Summerhill station opened in 1954 as part of the original Yonge line.

The tunnel connecting Summerhill station with St. Clair station (which is the next station north) originally ended immediately north of the station at Summerhill Avenue and continued in an open cut as far as Pleasant Boulevard. Various sections of this open cut were roofed over as the years passed, and since the early 1980s it has been entirely under cover, except when one block was opened to allow new construction above it. Passengers who look out from the train into the tunnel on this section can still see the sloping sides of the original cut, the stumps of lamp posts and trees, and the undersides of six bridges which still carry six streets (Woodlawn, Summerhill, Shaftesbury, Scrivener, Price and Rowanwood streets) over the line.

South of the station, the tunnel emerges to the surface at Rowanwood Drive. Originally, the line surfaced at Price Portal, but a one-block section from Rowanwood Drive to Price Street was roofed over in 2002 for parking.

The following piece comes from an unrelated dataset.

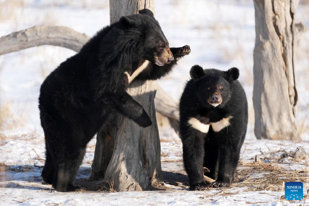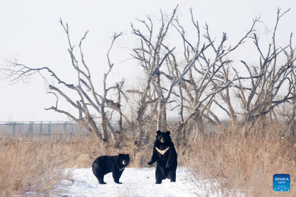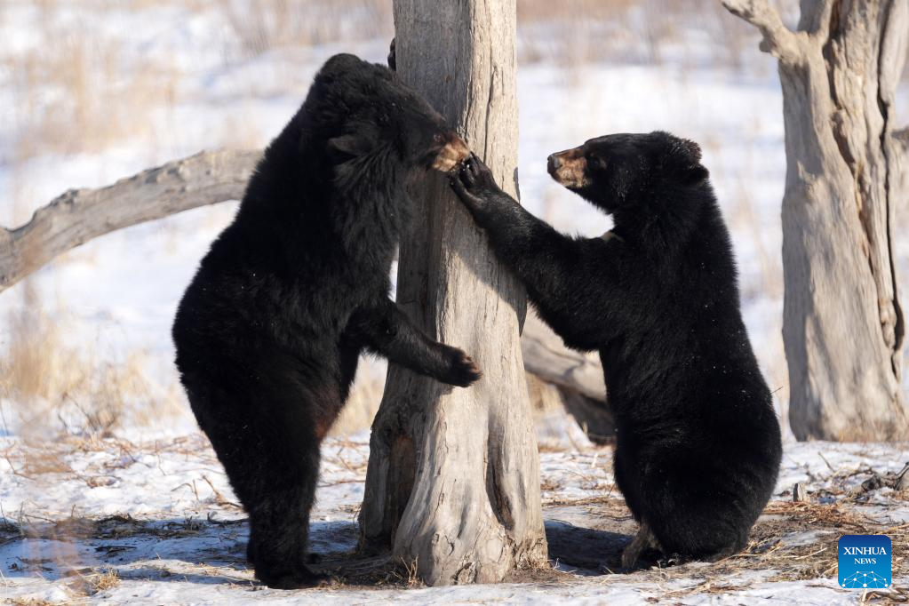 Black bears are pictured in a bear park in Fuyuan City, northeast China's Heilongjiang Province, Jan. 10, 2023. (Xinhua/Wang Jianwei)

In a February 2020 meeting of the TTC board, the TTC proposed a secondary exit for emergency use. The station entrance is at the north end of the station. The proposed exit would be at the south end of the station and emerge to the surface at Scrivener Square. There would be underground corridors to connect the platforms to the new exit, with one corridor running under the subway tracks from the northbound platform to the west side of the tracks.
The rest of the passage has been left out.